There is an oft-repeated industrial axiom that Cardini rejects: “fail fast, fail often.” Common among Silicon Valley startups, the principle involves making, and at times releasing, crappy first drafts into the world. “You are essentially asking people to be guinea pigs,” Cardini argues. “You are skipping safety prototyping and just hope that they’ll tell you what is wrong about the product. That’s dangerous.”
The Austrian designer Victor Papanek said that “there are professions more harmful than industrial design, but only a few,” Cardini notes, citing the opening passage of Papanek’s seminal 1971 book Design for the Real World.
Cardini, who has researched DIY culture, says the hands-on lessons in industrial design will foster greater appreciation for the technical details of making. “There will be better understanding of the products they buy, and a better understanding of how difficult it is to make the details work,” he explains. Even the act of following a sewing template for face masks will render lessons in material design. “Creativity is way more than a manual, it’s way more than a methodology,” he says.

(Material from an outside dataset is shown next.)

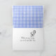 Cute Golden Retriever on blue and white gingham pattern with thank you text for pet sitting.

But to learn industrial design’s most important lesson, one must also grapple with its myriad ethical concerns that help or harm the user and the planet. For one, there’s the sustainability aspect. “Any serious, responsible designer does a product life-cycle assessment,” explains Cardini. “What material are those masks are made of? Where they will end up being at the end of their cycle? We need to see products in a more holistic way.”